The conference theme this year was Diversity in Making: People, Projects, & Powerful Ideas, and was kicked off Friday night by a panel featuring Edith Ackermann, Erica Rosenfeld Halverson and Richard Halverson and a keynote from Leah Buechley.

The night began with a hypothetical scenario. It’s the year 2026, the maker movement has failed, why?

In response, Erica Rosenfeld Halverson’s presented a fear faced by many educators working to integrate making into their learning environments – that the maker movement is in danger of becoming consumed by what Halverson calls “the STEM Monster.” Making, and maker education, she claimed, needs to be seen as something possible across many subjects, and as something that has value beyond its role in the STEM pipeline.

It is important, and something we repeat often at Maker Ed, to acknowledge the ways that making is possible in subjects well beyond science, technology, engineering and math. As much of the work presented at FabLearn and published by the FabLearn Fellows illustrates, making is valuable across disciplines (see this amazing history project by FabLearn Fellow Heather Allen Pang, published in Meaningful Making: Projects and Inspirations for FabLabs and Makerspaces).
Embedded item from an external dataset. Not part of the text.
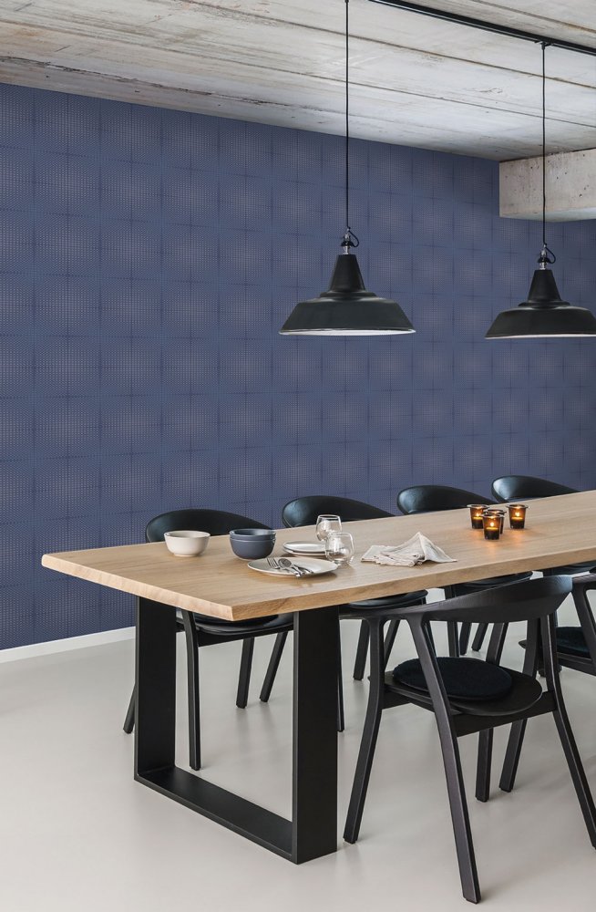 Vliesová tapeta s výraznou texturou v odstínech tmavě modré se stříbrnými třpytkami.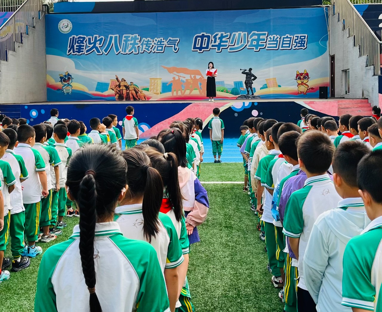 在纪念抗日战争胜利80周年暨2025年国庆节来临之际,攀枝花市第二小学校党委书记王晓波,副书记、校长陈艳,专职副书记党小琴以“承先烈遗志,做强国少年”为主题,结合历史故事与现实生活,分别为二学区的学生们上了一堂深刻而动人的爱国主义教育课。

According to Leah Beuchly however, STEM cannot be discounted and should not necessarily be cast in an entirely negative light. Rather, she emphasized in her FabLearn keynote the kinds of activities and process that fall under the STEM umbrella need to be expanded. In today’s social and economic system, Beuchley claims, STEM education is a key to certain kinds of success and power and by expanding what “counts” as STEM, we open up access to this power to a much wider, more diverse group of learners.
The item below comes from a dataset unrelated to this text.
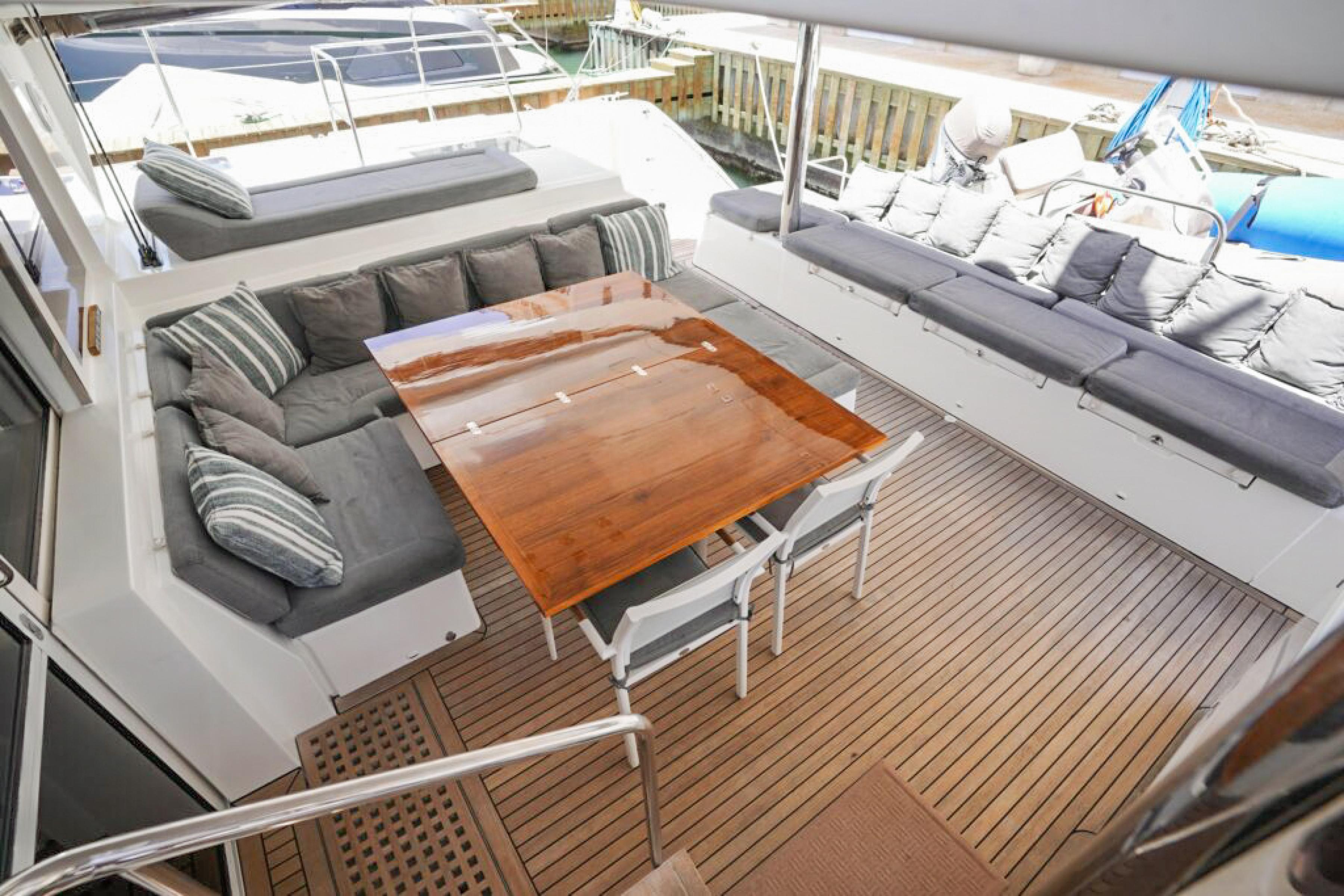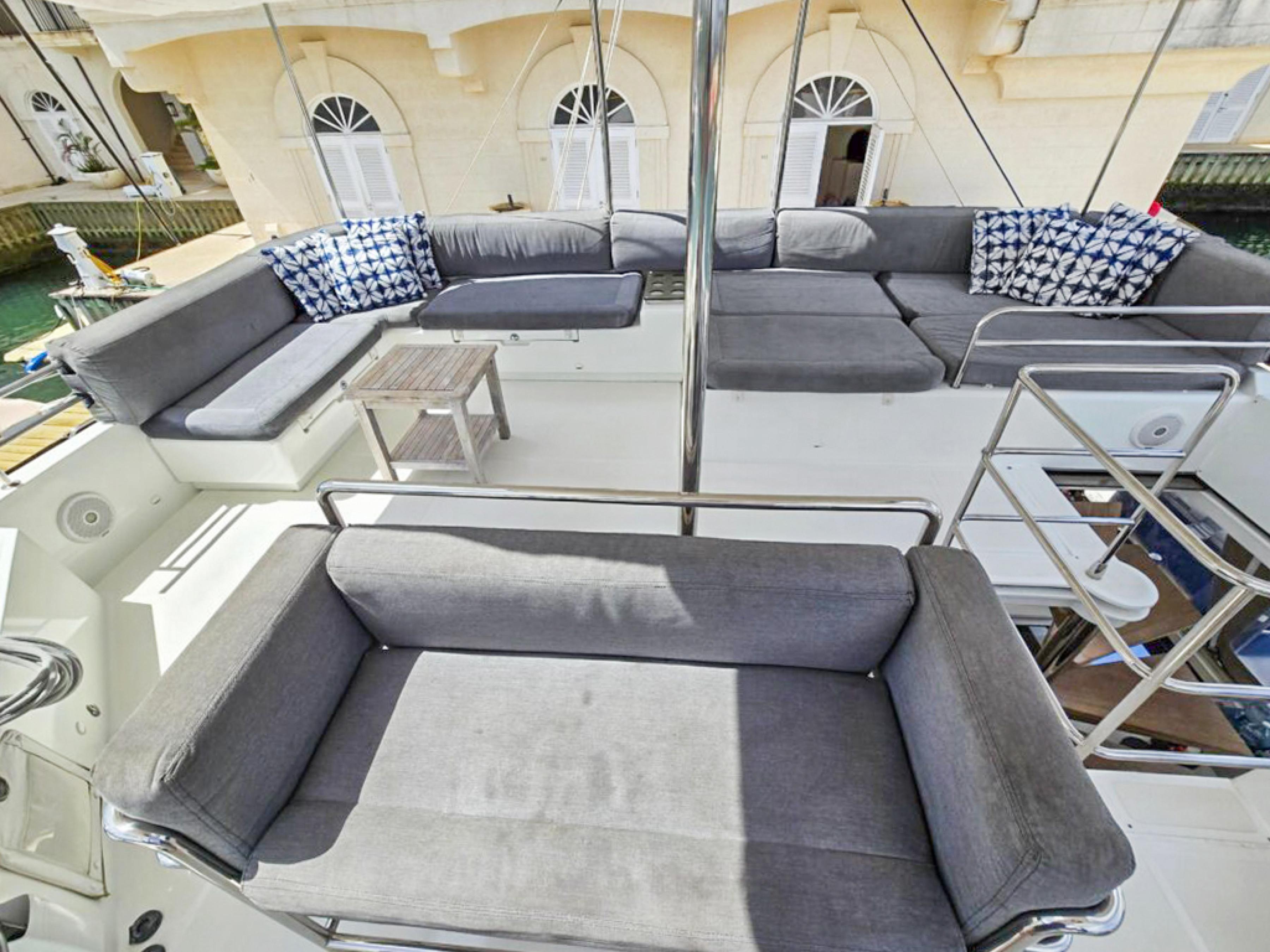 Cushioned lounge seating port/starboard side

Watch Beuchley’s keynote, and the rest of the opening panel here, and explore all of the recorded presentations from Fablearn 2016 on their site.

We would love to hear your thoughts on the relationship between STEM and making! Do you fear the STEM Monster? Do you agree with Leah’s claim that expanding what we call STEM can help create a more diverse maker movement? Share your thoughts on social media using #FabLearn and #MakerEd. Be sure to tag Maker Ed (@MakerEdOrg)!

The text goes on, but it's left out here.